Book Across the Lines of Conflict

Download or read book Across the Lines of Conflict written by Michael Lund and published by Columbia University Press. This book was released on 2015-12-31 with total page 443 pages. Available in PDF, EPUB and Kindle. Book excerpt: Through a comparative analysis of six case studies, this volume illustrates key conflict-resolution techniques for peacebuilding. Outside parties learn how to facilitate cooperation by engaging local leaders in intensive, interactive workshops. These opposing leaders reside in small, ethnically divided countries, including Burundi, Cyprus, Estonia, Guyana, Sri Lanka, and Tajikistan, that have experienced communal conflicts in recent years. In Estonia and Guyana, peacebuilding initiatives sought to ward off violence. In Burundi and Sri Lanka, initiatives focused on ending ongoing hostilities, and in Cyprus and Tajikistan, these efforts brought peace to the country after its violence had ended.
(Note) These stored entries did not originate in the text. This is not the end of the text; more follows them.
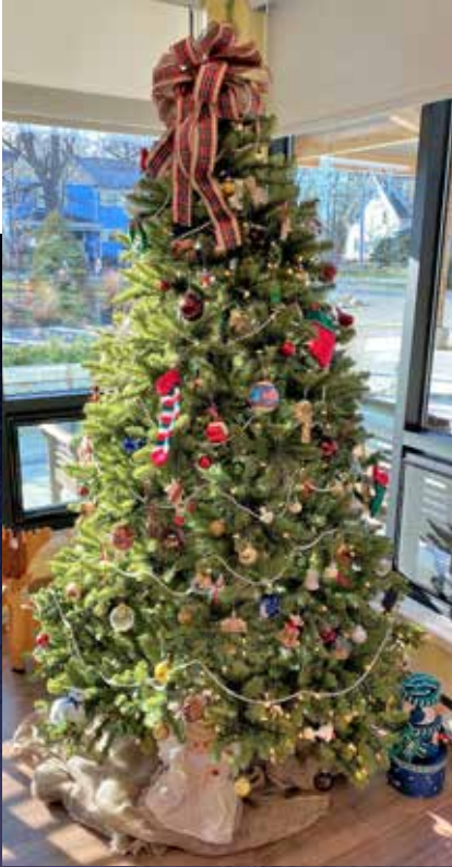
Christmas Tree delight!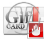
Gift Card Stop.png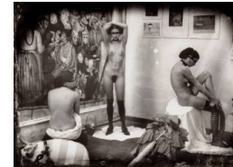
Title: Three Kinds of Woman, Mexico Date: 1992 Primary Maker: Joel Peter Witkin Medium: Toned gelatin silver print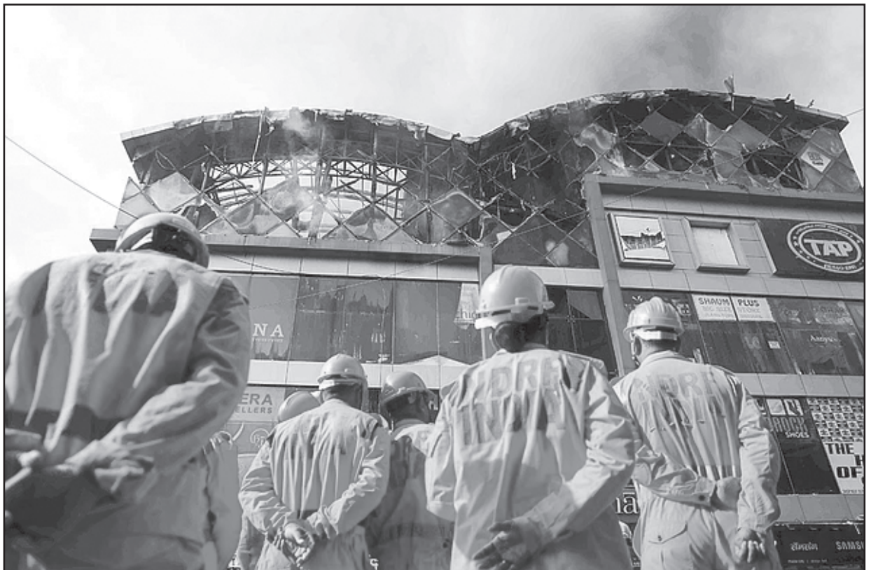
NDRF personnel during a rescue operation after a fire broke out at the Link Square Mall, in the suburban Bandra area of Mumbai on Tuesday.

Mobile: 9517191315, Email: lawyeratmumbai@gmail.com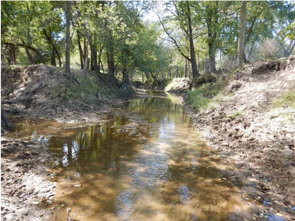
Figure 7. 1253-4 Recreational use assessment upstream looking upstream.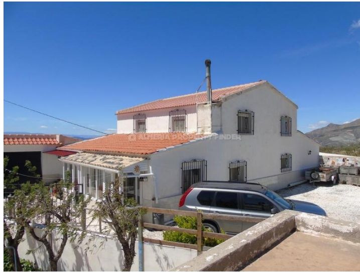
Cortijo Ciruelo - A country house in the Albox area. (Resale)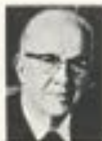
EZRA TAIT BENSON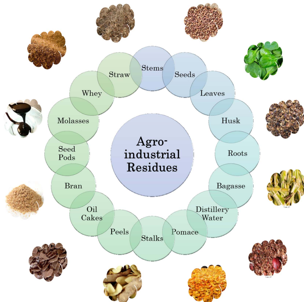
Fig. 4 Different agro-industrial residues used as substrate during biosurfactant production.

5.1.1. Vegetable oil and (oil) wastes. A large amount of waste residues formation occurs during the oil extraction in various oil industry. These left over products includes oil cakes, oil soap stocks, by-products rich in fat content, semisolid and water soluble effluents, fatty acid residues etc. 64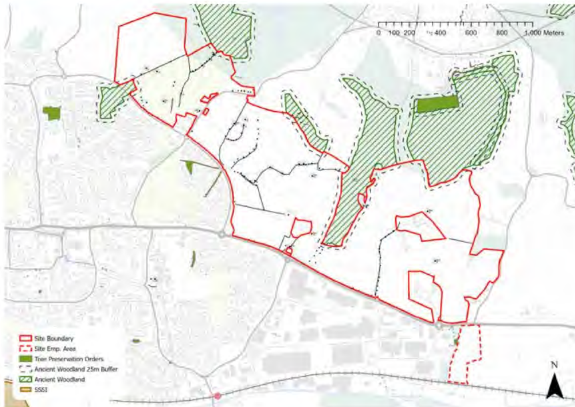
Fig 3: Green Infrastructure Plan as outlined in Stage 3 Thatcham Future (September 2020) study

Given the Sites close proximity to the proposed residential development on Policy SP17 site allocation, it is considered that firstly the Site should be included within the site allocation boundary of Policy SP17, as other similar sites have been and secondly it should be masterplanned to provide biodiversity net gain and/or strategic alternative natural greenspace ('SANG') for the wider allocation.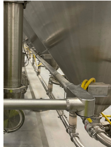
Process piping system used as raceway in violation of NEC and OSHA regulations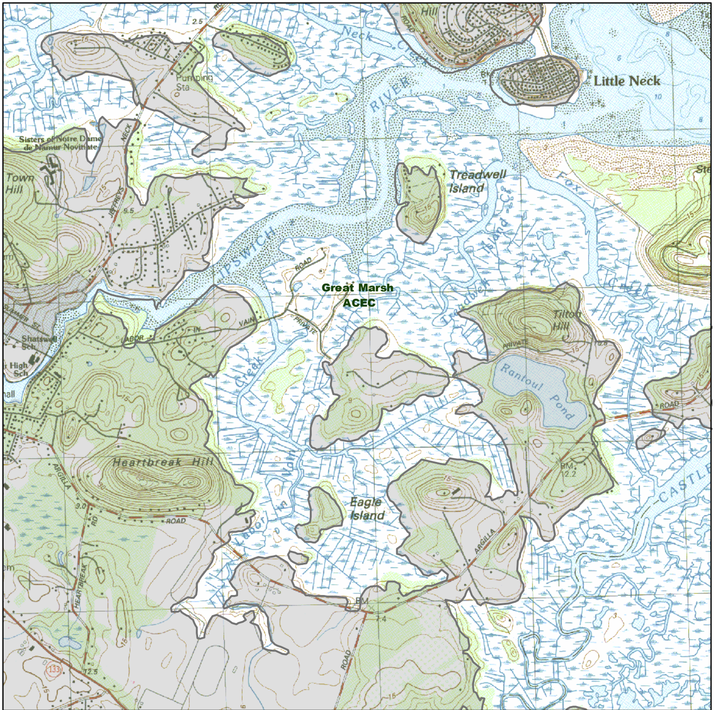
Map # 9j Great Marsh ACEC Map Tile 10 of 15 ACEC Designated 3/2/79 25,500 Acres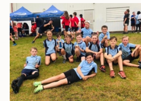
Fordell School Touch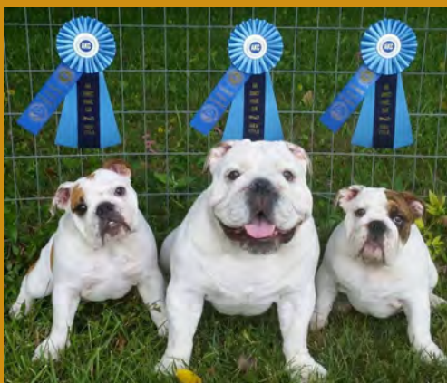
Photo Courtesy of Bulldog Club of America https://bulldogclubofamerica.org/vents/civic-achievement/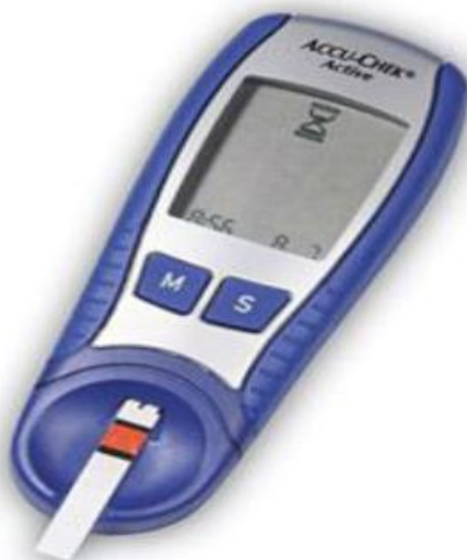
Figure 2 : Accu-chek

The mobile phones can also be used as for analyzing the diabetes or the sugar level. It can use the concept of “Accu-chek glucometer” for monitoring the level of sugar or the diabetes level. The original Accu-chek is generally large in shape, so accu-chek cannot be directly used here since, it will not be feasible with it. So, the software used inside the device Accu-chek is used. The figure of the device accu-chek is in Figure 2.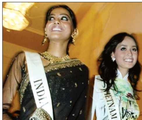
Grand Finale of the 56th Miss World On Star World at 12:00am Live from Warsaw, Poland

All programmes are in local time. The Daily Star will not be responsible for any change in the programme.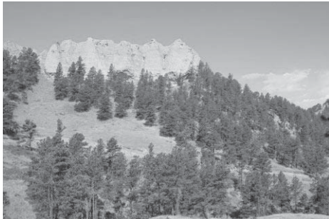
Chadron State Park, NE.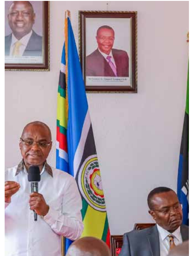
Speaker Kingi speaks during the meeting between the Senate leadership and the County Executive of Busia County.

Speaker Amason Kingi has reaffirmed the Senate's commitment to nurturing a strong and mutually respectful working relationship with county governments arguing that the success of devolution is hinged on continuous collaboration between the two.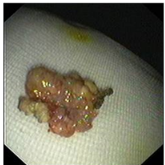
Figure 4. Resected specimen.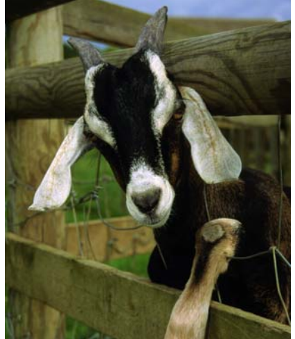
Goats can become trapped in unsuitable fencing.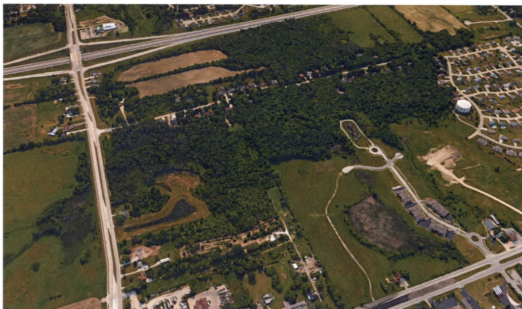
Barloga Woods is a county-owned extension of Falk Park, just south of Drexel Avenue and east of 27th Street in Oak Creek. It is a rich mesic forest of beech, maple oak and hickory with vernal pools.

A group of MALC volunteers are working with Homestead staff to organize the inventories for access by qualified individuals. The collection fills over twenty file drawers and includes Richard's extensive collection of nature photography. Delene Hanson, president of the Homestead and one of the MALC's co-founders, is helping with the work.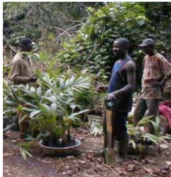
Rattan roadside nursery, Nigeria.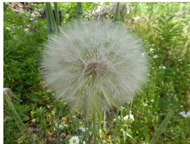
Salsify seedhead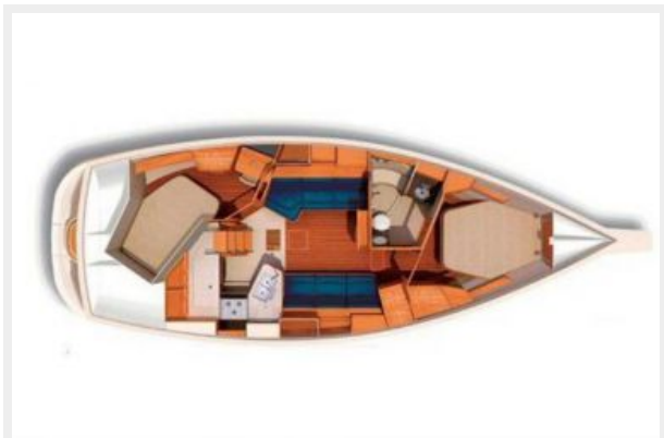
Island Packet 370 Layout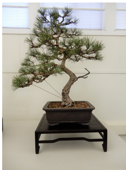
Austrian Black Pine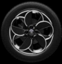
1M5 - 18" Petali alloy wheels diamond cut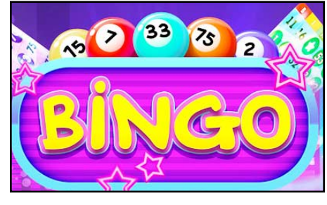
Sept. 4th & 18th 6:30 to 9:00 p.m.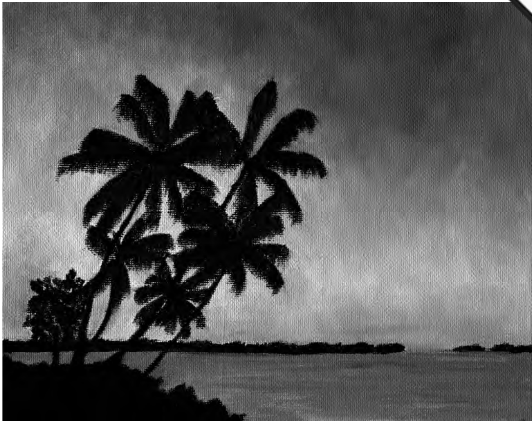
Figure 1: Palm Trees at Sunset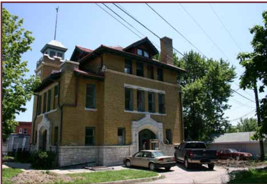
Fire Station #9, Kansas City, Kansas

3) In short, the full economic and tax benefits from the KHTC are yet greater than the already considerable economic and tax consequences documented in the current study.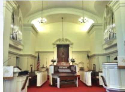
First United Church of Christ - Salisbury, NC Custom Rodgers console/11 ranks of pipes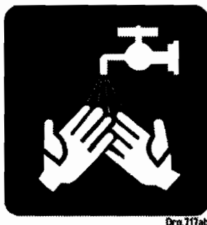
Figure 1 — Work instruction in the form of a drawing

4.4.2 The work procedures and work instructions shall cover at least the following: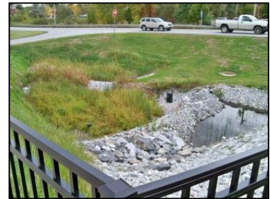
Figure 1. Gravel Wetland at St. Albans Park & Ride

There were several existing permitted sites that do not have volume based or infiltration BMPs and therefore those sites were not included in the model. There were two new pending permits, #6520-INDS and #6602-INDS, with proposed construction that were not included in the Post-2002 model because the permit was unavailable at the time of the plan development. The St. Albans Town Zoning Manager confirmed that the project covered under permit #5841-INDS was on hold indefinitely at the time of model revisions, and therefore the BMPs associated with this project were not added to the model.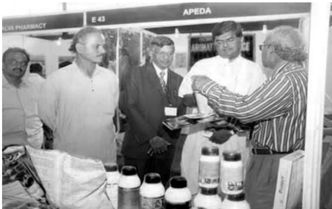
ICCOA President and other visitors at the ICCO Organic Farming Trade Fair

Claude Bourguignon has shown that that between 92-98% of the plant's sustenance comes from the atmosphere and only 3-4% from the soil. In other words, plants feed quantitatively from the atmosphere, qualitatively from the soil. Modern agriculture, husbanded by chemical factories, has turned that upside down. Now we feed the plant quantitatively from the soil. However, as common sense will indicate, the plant can take only that which it can absorb. Everything else goes into the environment. But the pernicious effects of these artificial salts is on the living organisms that they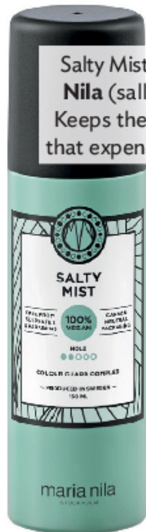
Salty Mist, £18.98, Maria Nila (sallyexpress.com). Keeps the sun from fading that expensive salon colour.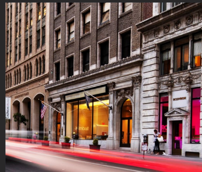
332 PINE | FIDI | SF 5,370 SF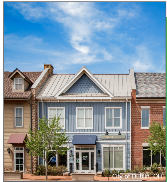
West Bridge Street Streetscape

b. STREETScape: Focus on a streetscape design that is pedestrian friendly and fits the character of the Historic District.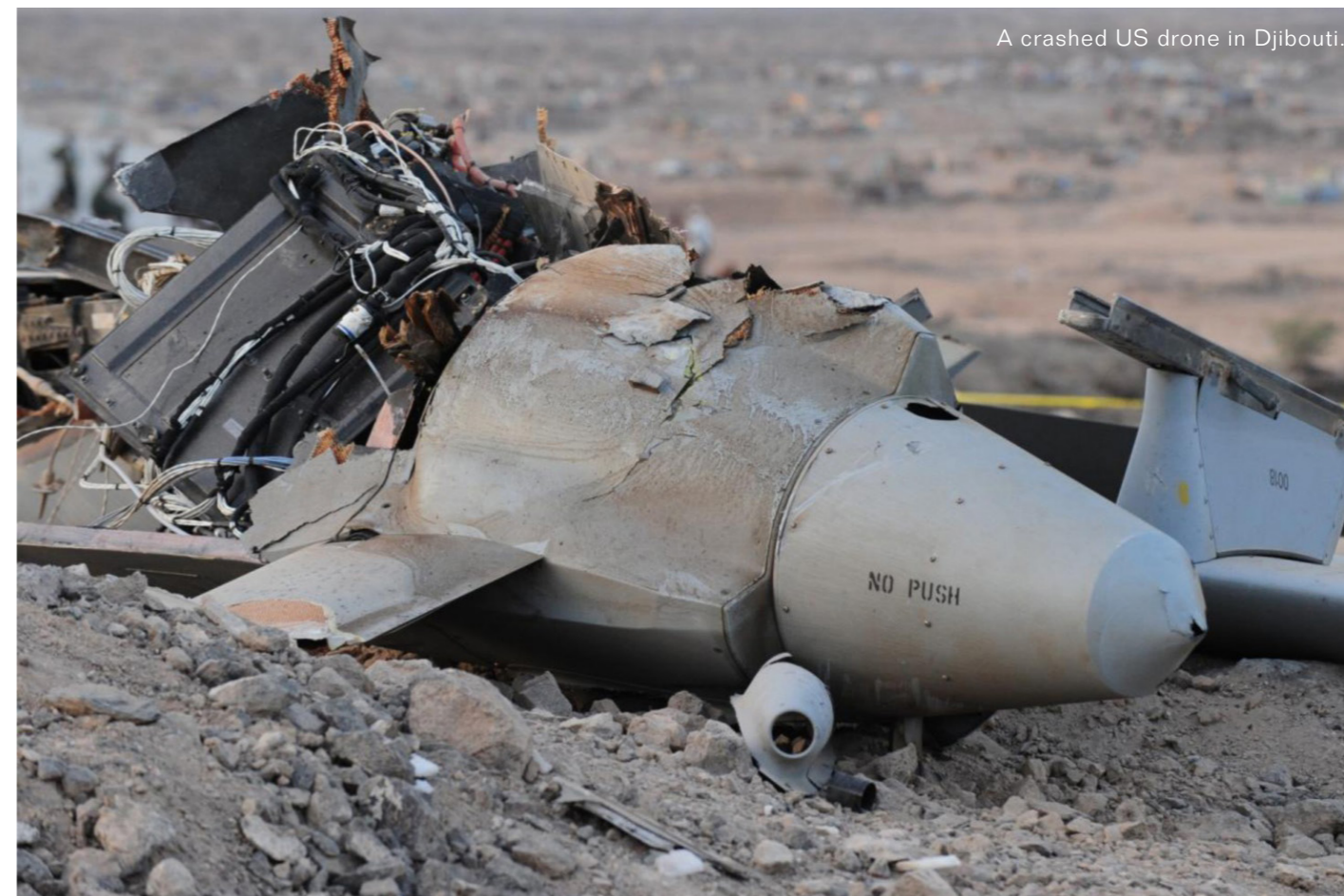
A crashed US drone in Djibouti.

The contributors follow a systematic assessment framework, including a common set of questions for interviewing participants to prepare comparable results from a set of diverse cases. Their findings weigh the successes and failures of this particular approach to conflict resolution and draw conclusions about the conditions under which such interactive approaches work, as well as assess the audience and the methodologies used. This work features research conducted in conjunction with the Working Group on Preventing and Rebuilding Failed States, convened by the Wilson Center's Project on Leadership and Building State Capacity.